With the views, video projections, and convincing soundtrack of noises, we are transported to a world of cruelty and deprivation. We meet different people, who approach the reality of their situation in different ways. We see them in conflict; we see them in solidarity; we see them at their noblest and basest. Shourd, who has spent years fighting solitary confinement ever since her release from Iranian prison, based the play not only on authentic dialogue, but also on genuine proceedings in solitary (the play takes the trouble of taking us through the routine of getting people out for visitation, including the wait time of the visitor.)

The play is also a reminder of the importance of solidarity and interracial unification. It includes a brief and stylized version of the two Pelican Bay hunger strikes, complete with the court order to force feed the inmates that ended the second one. I highly recommend this unforgettable experience to anyone, especially those who have not yet become embroiled in the struggle to end solitary confinement in California.

The Box plays at Z Space until the end of the month. For tickets, click here.

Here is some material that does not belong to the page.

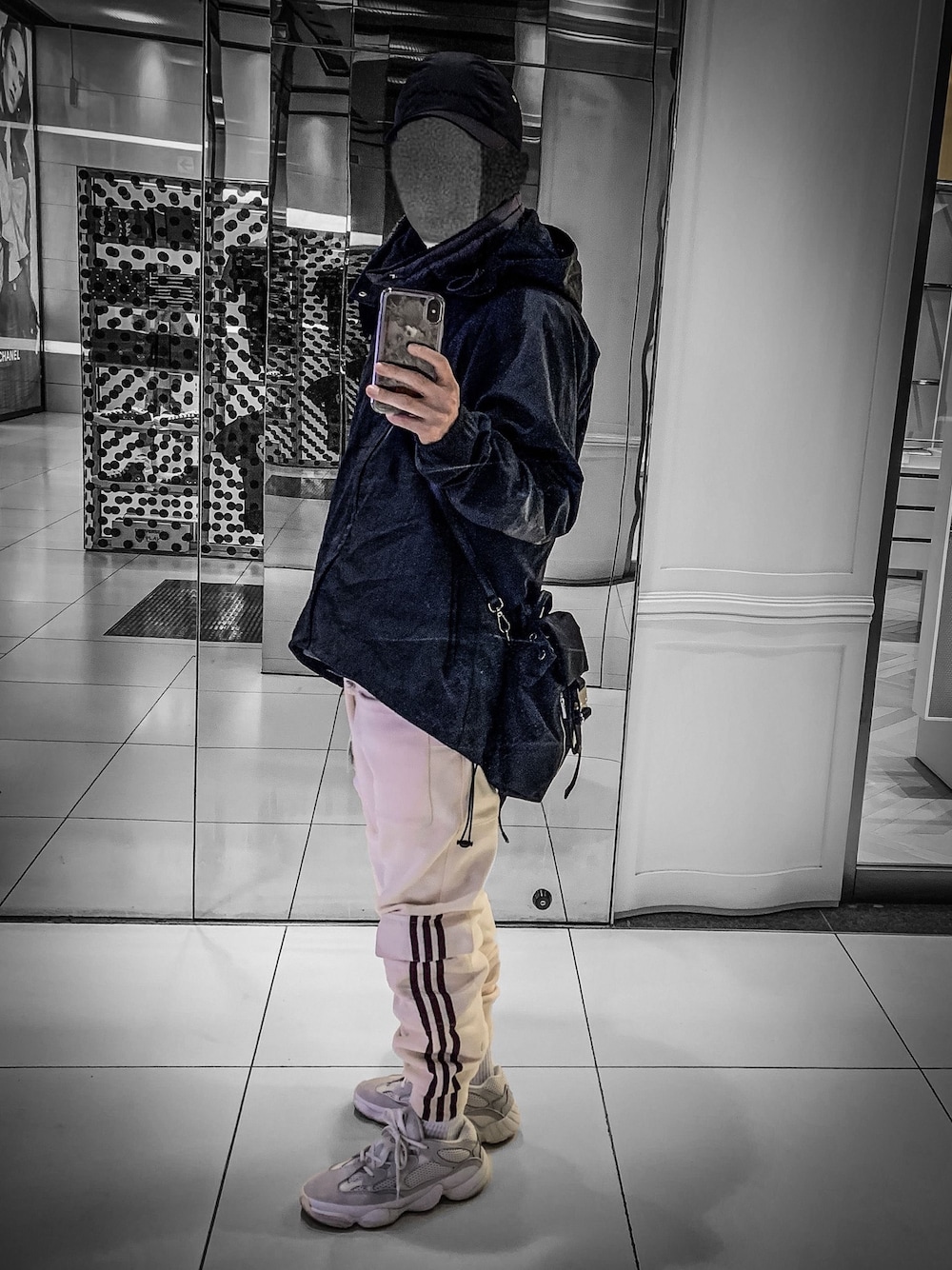 adidas x IVY PARKのパンツがとっても良い感じだよ! 誰も写真撮ってくれる人がいないから、鏡越しに自分で撮ったよね。
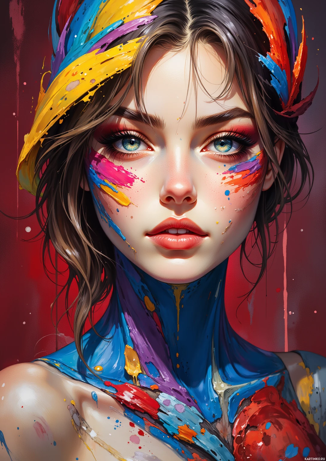 red color. The overall impression is one of an artist immersed in her work, perhaps portraying the creative process or the transformative power of art. The style suggests a fusion of realism and abstract art, with attention to detail evident in the play of light and shadow across the woman's face and the interplay of colors on her skin.

Reiter on Solitary Confinement

Keramet Reiter of UC Irvine has recently done a Q&A with the Berkeley Human Rights Center on solitary confinement, her topic of expertise and focus of her forthcoming book.

Will the recent court settlement in California lead to any significant change in regard to solitary confinement practices?
Two big challenges with isolation in particular are that it’s been a very secretive process and there has been significant discretion over what circumstances and for how long people are sent to isolation….Now, under the recent settlement, you have to do something wrong instead of just being labeled a gang member and isolation terms are capped at five years. So that’s an improvement. But you still don’t have a right to a lawyer at the administrative hearing in which people decide whether you’ve done something wrong or not. The prison staff have a lot of control over what counts as a rule violation and who they charge with violations. Five years is a long time, and you’re under really intense scrutiny when you’re in isolation, and it’s easy to break more rules because of that.

Read the whole thing here.

What Does the Settlement in the Solitary Confinement Lawsuit Mean?

Almost a month ago we reported of a historic settlement ending Ashker v. Brown, the class action suit regarding conditions in solitary confinement. What remains is to figure out exactly what the settlement means. And who better to illuminate the matter than UC Irvine’s Keramet Reiter, an expert on solitary confinement and the editor of the recently published anthology Extreme Punishment?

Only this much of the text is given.